Closed
Bug 756549
Opened 13 years ago
Closed 13 years ago
Sync updates cause explosive memory usage leading to OOM
Categories
(Firefox :: Sync, defect)
Tracking
()
RESOLVED
WORKSFORME
People
(Reporter: gcp, Assigned: till)
References
(Blocks 1 open bug)
Details
(Keywords: regression, Whiteboard: [MemShrink][js:p0])
Situation: I came back after a workweek in London where I used Android Nightlies with Sync extensively, and had a desktop Firefox Beta on the laptop I used.
On my desktop machine at home, which has Desktop Nightlies, Firefox started crashes every 2 minutes. When it didn't crash, I got a Sync error, even though status.mozilla.com claims Sync is working fine.

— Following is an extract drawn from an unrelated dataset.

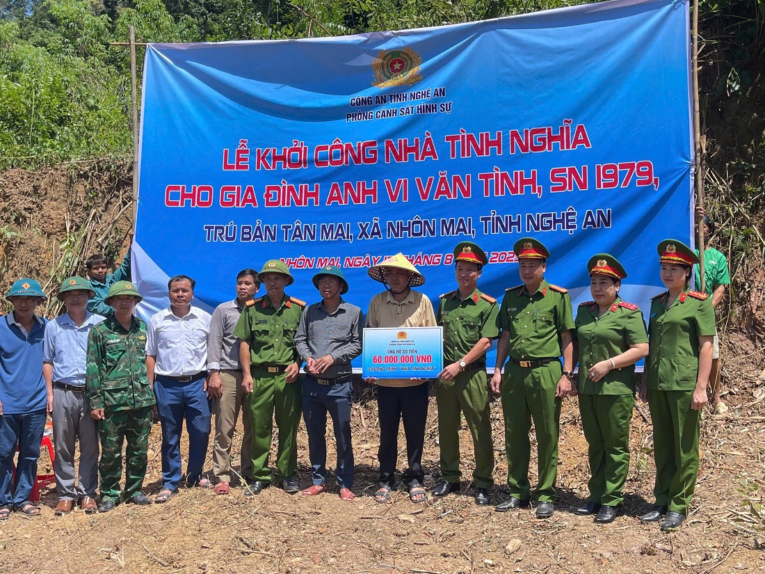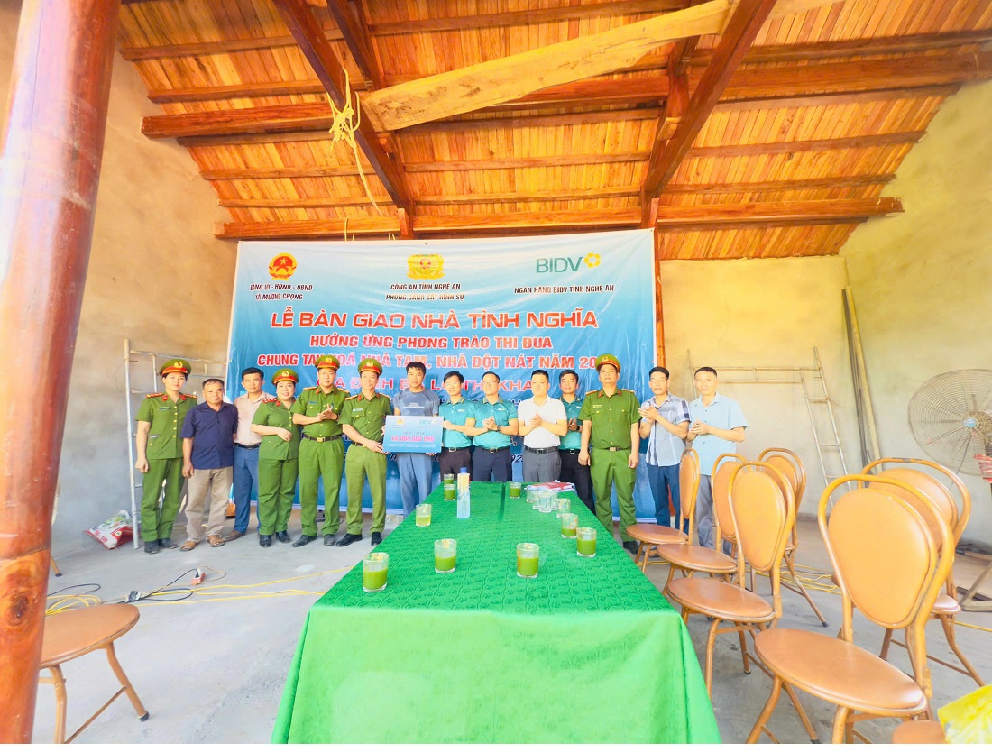 (congan.nghean.gov.vn)-Hưởng ứng Lời kêu gọi của Mặt trận Tổ quốc Việt Nam về “Vận động ủng hộ đồng bào khắc phục thiệt hại do mưa lũ” và thực hiện Chiến dịch 40 ngày đêm hoàn thành xây dựng trường học, trạm y tế dã chiến cùng 500 căn nhà tặng đồng bào Miền Tây Nghệ An của Bộ Công an, Phòng Cảnh sát hình sự Công an tỉnh Nghệ An đã phối hợp Ngân hàng BIDV chi nhánh Nghệ An vận động các nhà hảo tâm quyên góp kinh phí tiền mặt, quà và hỗ trợ xây dựng 03 căn nhà tặng bà con vùng lũ tại xã Nhôn Mai và xã Mường Chọng.

Looking at the Error Console, I see the following errors:
Timestamp: 18/05/2012 20:58:53
Error: out of memory
Source File: resource://services-sync/record.js
Line: 638
Timestamp: 18/05/2012 20:58:53
Error: [Exception... "NS_ERROR_XPC_JAVASCRIPT_ERROR_WITH_DETAILS" nsresult: "0x80570021 (NS_ERROR_XPC_JAVASCRIPT_ERROR_WITH_DETAILS)" location: "JS frame :: resource:///modules/services-sync/resource.js :: Channel_onStopRequest :: line 528" data: no]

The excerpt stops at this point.